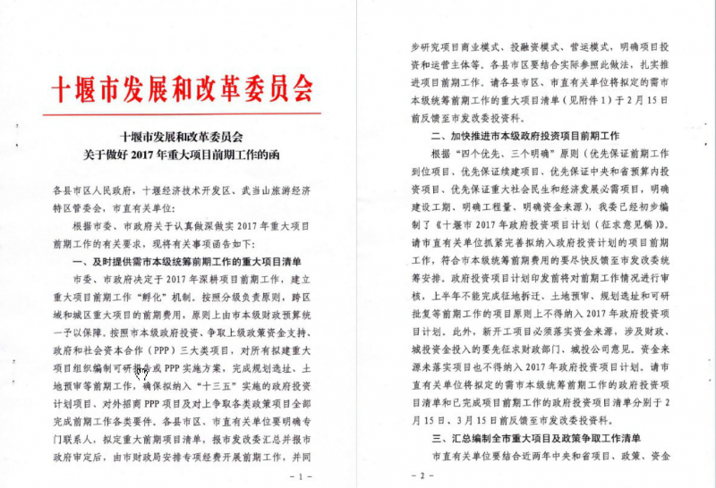 十堰市發(fā)展和改革委員會關(guān)于做好2017年重大項(xiàng)目前期工作的函
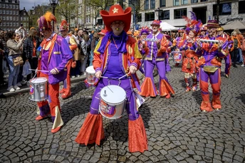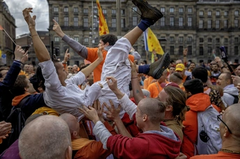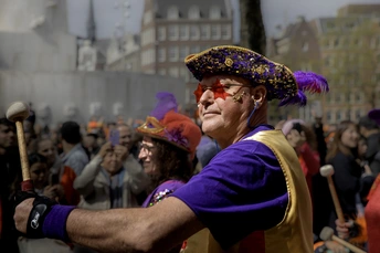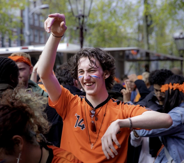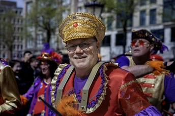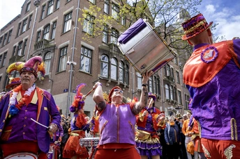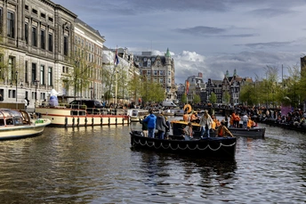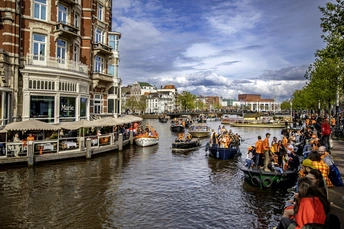 国王节是荷兰庆祝国王生日的一个全国性节日,是荷兰最隆重盛大的节日。荷兰现任国王威廉•亚历山大诞生于1967年4月27日,所以他继位以后,从2017年开始,每年的国王节定为4月27日。 国王节这一天举国欢庆,但所有庆祝活动非官方主办,而是民众自发的。这一天从清晨开始,无论皇室还是普通民众,人们会穿上代表荷兰皇家的颜色——橙色的衣服,佩戴各种橙色的服饰、装备,面部涂上象征国旗的红、白、蓝三色彩条,并将自己精心打扮一番去参加国王节的狂欢。 阿姆斯特丹市中心的道路会封闭,车辆无法进入。人们步行从四面八方涌入市区的主要街道、广场,自发组织唱歌、跳舞及各种表演。 由于阿姆斯特丹有多条运河,水陆两栖的国王节庆祝活动是一大特色,相当多的民众会乘游船在河上穿梭、庆祝。 喝啤酒是国王节庆祝活动的重要内容。这一天,无论在酒巴还是聚会场所,大街上还是游船上,男男女女都会手持啤酒畅饮。 本组照片拍于去年国王节。
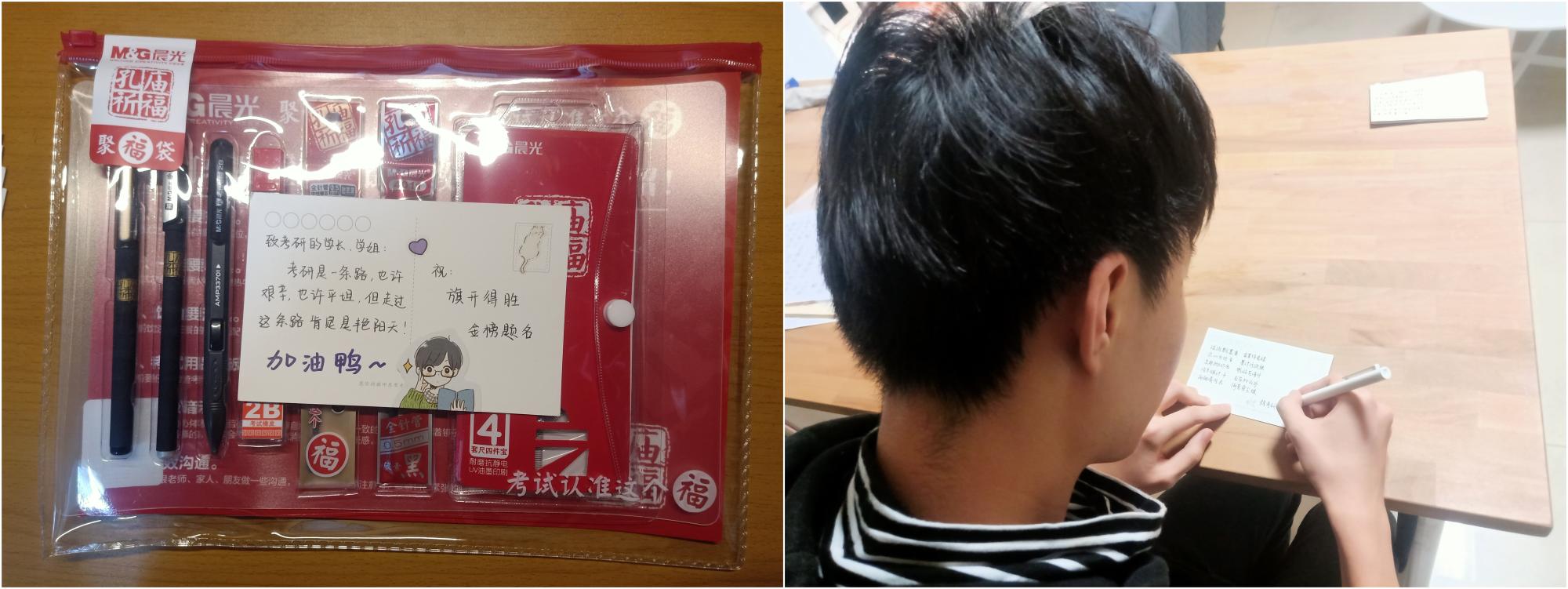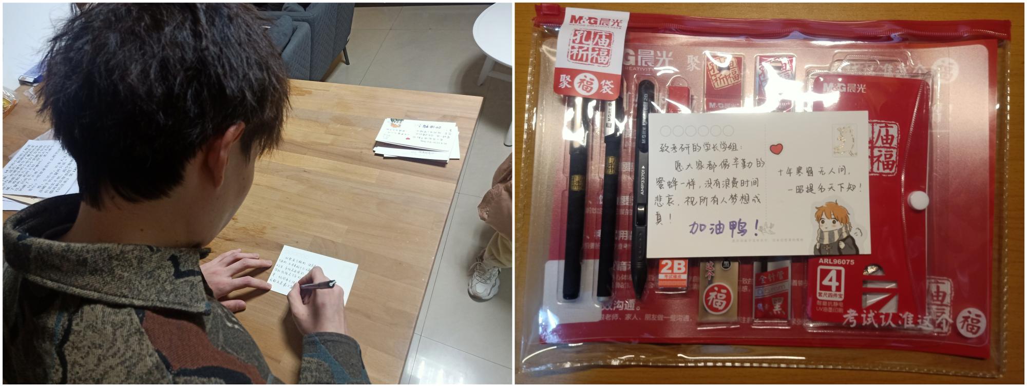 学院为每位考研学子精心准备了暖心大礼包,含有文具礼袋、牛奶、耳塞、暖宝宝、抽纸以及学弟学妹们的手写祝福贺卡。文具礼袋寓意金榜题名;暖宝宝驱走了冬日的寒冷;贺卡承载着全院师生对考研学子最真挚的期许与祝福。学院老师和学弟学妹的祝福如同冬日里跃动的火苗,温暖着考研学子的心,不仅承载了大家对考研学子成功上岸的美好祝愿,更为每一位考研学子提供了又一份精神上的支持。
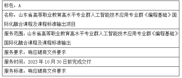 二、项目名称:山东省高等职业教育高水平专业群人工智能技术应用专业群《编程基础》国际化融合课程及课程标准输出项目
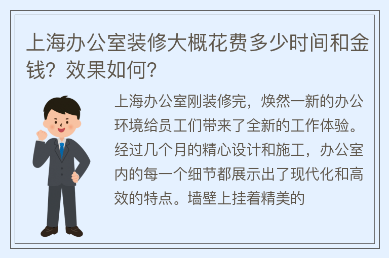 上海办公室装修大概花费多少时间和金钱?效果如何?

TASK STATEMENT: Word for word, restate the lines from the first line of the material through the line containing "学院为每位考研学子精心准备了", with the pictures left out.

ANSWER FOR THE TASK:
 十堰市發(fā)展和改革委員會關(guān)于做好2017年重大項(xiàng)目前期工作的函
 国王节是荷兰庆祝国王生日的一个全国性节日,是荷兰最隆重盛大的节日。荷兰现任国王威廉•亚历山大诞生于1967年4月27日,所以他继位以后,从2017年开始,每年的国王节定为4月27日。 国王节这一天举国欢庆,但所有庆祝活动非官方主办,而是民众自发的。这一天从清晨开始,无论皇室还是普通民众,人们会穿上代表荷兰皇家的颜色——橙色的衣服,佩戴各种橙色的服饰、装备,面部涂上象征国旗的红、白、蓝三色彩条,并将自己精心打扮一番去参加国王节的狂欢。 阿姆斯特丹市中心的道路会封闭,车辆无法进入。人们步行从四面八方涌入市区的主要街道、广场,自发组织唱歌、跳舞及各种表演。 由于阿姆斯特丹有多条运河,水陆两栖的国王节庆祝活动是一大特色,相当多的民众会乘游船在河上穿梭、庆祝。 喝啤酒是国王节庆祝活动的重要内容。这一天,无论在酒巴还是聚会场所,大街上还是游船上,男男女女都会手持啤酒畅饮。 本组照片拍于去年国王节。
 学院为每位考研学子精心准备了暖心大礼包,含有文具礼袋、牛奶、耳塞、暖宝宝、抽纸以及学弟学妹们的手写祝福贺卡。文具礼袋寓意金榜题名;暖宝宝驱走了冬日的寒冷;贺卡承载着全院师生对考研学子最真挚的期许与祝福。学院老师和学弟学妹的祝福如同冬日里跃动的火苗,温暖着考研学子的心,不仅承载了大家对考研学子成功上岸的美好祝愿,更为每一位考研学子提供了又一份精神上的支持。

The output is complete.